**Exercise description**
Please repeat, exactly and without pictures, the lines of the entries below that run from the one containing "Стоит регулярно проверять" through the one containing "All that part".

**Input**
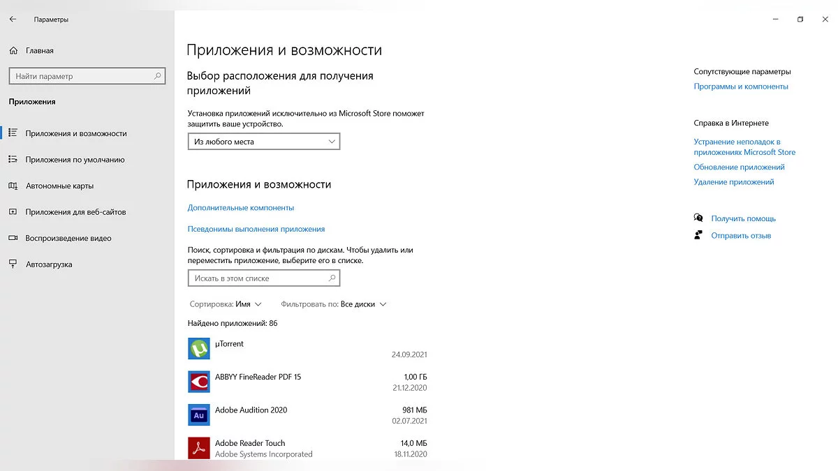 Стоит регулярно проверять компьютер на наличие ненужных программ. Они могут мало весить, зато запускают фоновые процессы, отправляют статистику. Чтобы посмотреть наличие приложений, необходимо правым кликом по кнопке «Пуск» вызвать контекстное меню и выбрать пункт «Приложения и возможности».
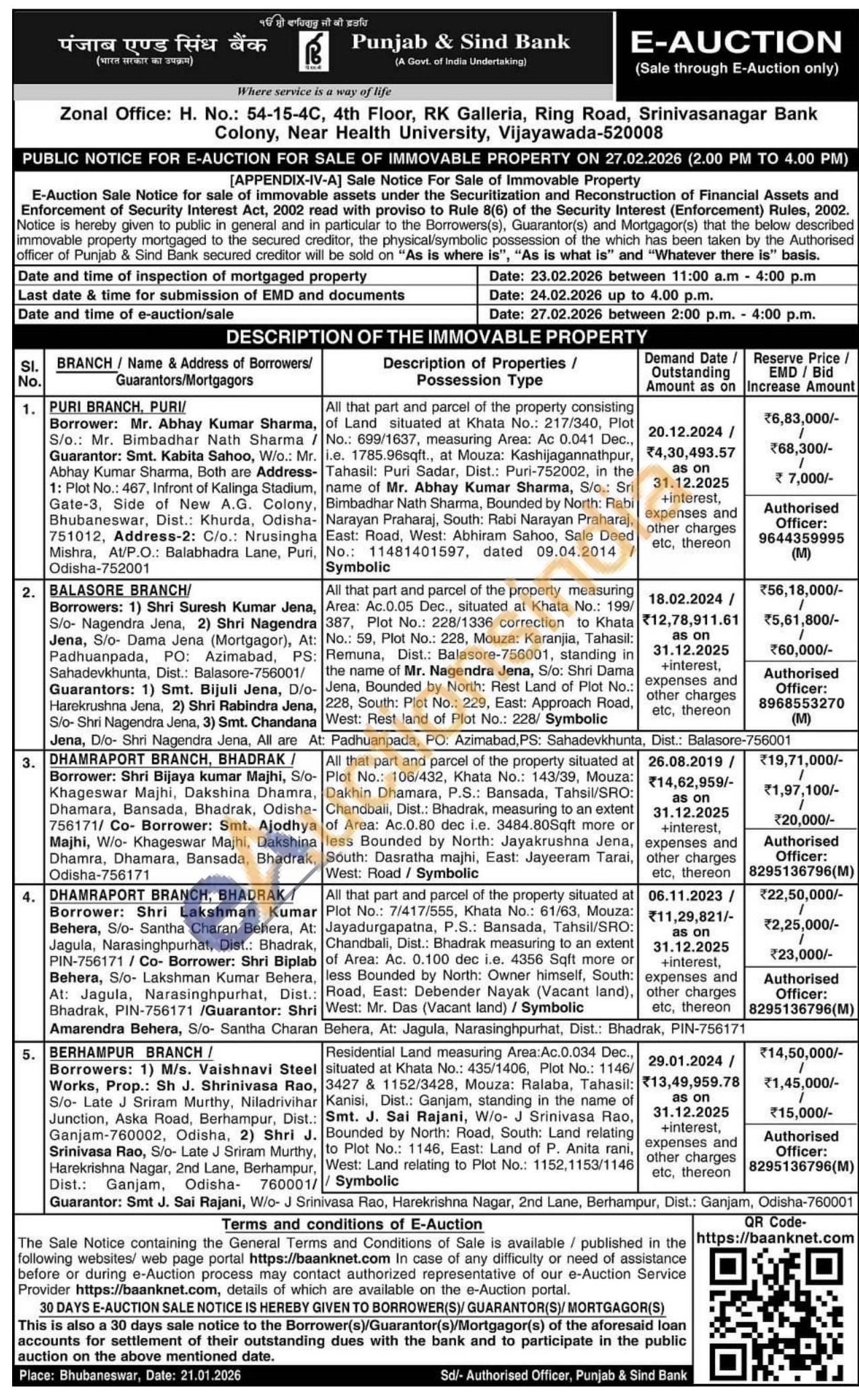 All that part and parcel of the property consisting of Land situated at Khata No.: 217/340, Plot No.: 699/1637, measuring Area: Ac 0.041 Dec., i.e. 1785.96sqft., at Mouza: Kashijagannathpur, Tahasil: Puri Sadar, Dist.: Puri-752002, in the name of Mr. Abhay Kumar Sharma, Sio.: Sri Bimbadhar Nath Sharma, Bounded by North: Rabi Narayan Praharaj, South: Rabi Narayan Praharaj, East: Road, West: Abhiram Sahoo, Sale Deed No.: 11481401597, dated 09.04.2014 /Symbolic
...
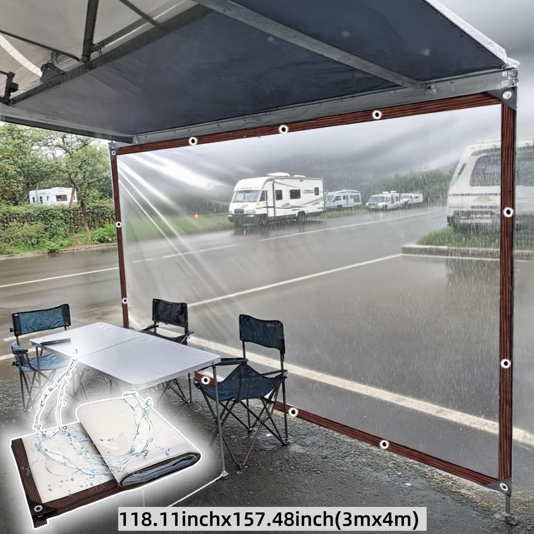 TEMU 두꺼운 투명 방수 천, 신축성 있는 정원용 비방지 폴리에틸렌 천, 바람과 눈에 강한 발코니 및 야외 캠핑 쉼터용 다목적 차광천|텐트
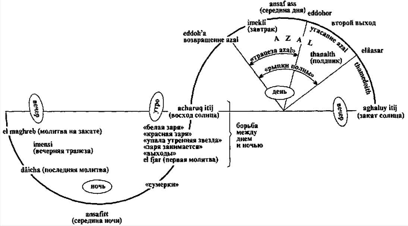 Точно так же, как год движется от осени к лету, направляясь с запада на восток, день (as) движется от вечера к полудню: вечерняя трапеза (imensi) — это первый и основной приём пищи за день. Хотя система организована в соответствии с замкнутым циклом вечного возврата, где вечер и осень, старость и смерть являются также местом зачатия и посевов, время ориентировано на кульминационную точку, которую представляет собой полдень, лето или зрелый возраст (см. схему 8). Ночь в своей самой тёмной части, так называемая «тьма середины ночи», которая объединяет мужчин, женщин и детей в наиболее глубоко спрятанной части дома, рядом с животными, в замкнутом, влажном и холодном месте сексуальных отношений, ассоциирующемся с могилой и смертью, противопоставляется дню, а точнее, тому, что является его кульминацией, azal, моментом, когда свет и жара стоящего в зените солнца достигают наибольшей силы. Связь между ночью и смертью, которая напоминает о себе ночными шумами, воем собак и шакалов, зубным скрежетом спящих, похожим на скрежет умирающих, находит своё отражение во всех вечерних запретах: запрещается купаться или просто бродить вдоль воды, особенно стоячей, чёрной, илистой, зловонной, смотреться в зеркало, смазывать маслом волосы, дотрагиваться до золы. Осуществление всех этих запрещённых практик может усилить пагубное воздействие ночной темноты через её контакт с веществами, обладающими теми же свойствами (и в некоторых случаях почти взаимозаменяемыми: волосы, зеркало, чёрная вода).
---
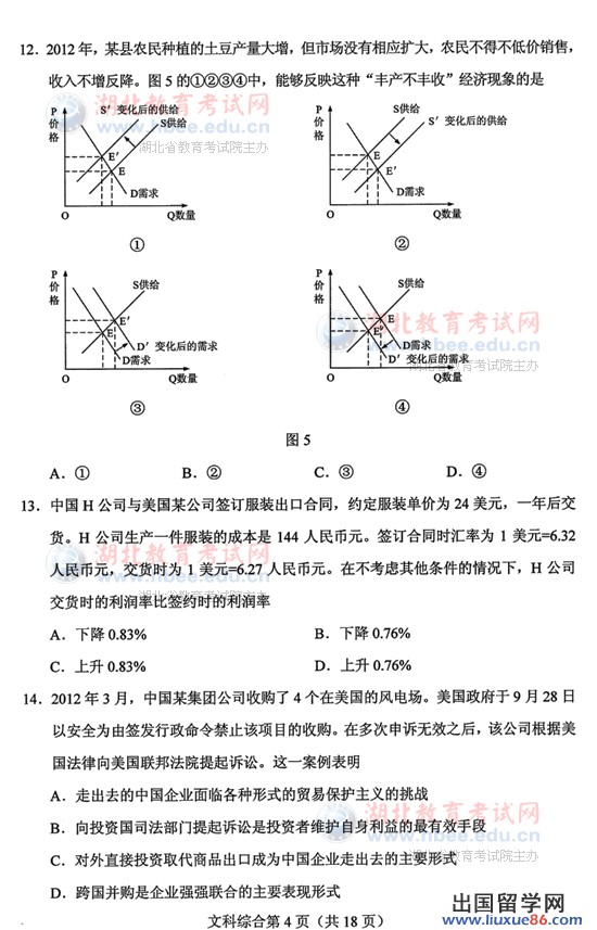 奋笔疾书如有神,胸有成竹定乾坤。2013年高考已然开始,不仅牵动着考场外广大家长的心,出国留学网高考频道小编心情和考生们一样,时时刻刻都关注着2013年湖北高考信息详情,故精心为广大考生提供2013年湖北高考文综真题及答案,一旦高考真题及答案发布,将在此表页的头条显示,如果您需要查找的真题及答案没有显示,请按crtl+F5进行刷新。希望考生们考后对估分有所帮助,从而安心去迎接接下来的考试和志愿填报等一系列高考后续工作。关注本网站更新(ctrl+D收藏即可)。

**Answer for this exercise**
 Стоит регулярно проверять компьютер на наличие ненужных программ. Они могут мало весить, зато запускают фоновые процессы, отправляют статистику. Чтобы посмотреть наличие приложений, необходимо правым кликом по кнопке «Пуск» вызвать контекстное меню и выбрать пункт «Приложения и возможности».
 All that part and parcel of the property consisting of Land situated at Khata No.: 217/340, Plot No.: 699/1637, measuring Area: Ac 0.041 Dec., i.e. 1785.96sqft., at Mouza: Kashijagannathpur, Tahasil: Puri Sadar, Dist.: Puri-752002, in the name of Mr. Abhay Kumar Sharma, Sio.: Sri Bimbadhar Nath Sharma, Bounded by North: Rabi Narayan Praharaj, South: Rabi Narayan Praharaj, East: Road, West: Abhiram Sahoo, Sale Deed No.: 11481401597, dated 09.04.2014 /Symbolic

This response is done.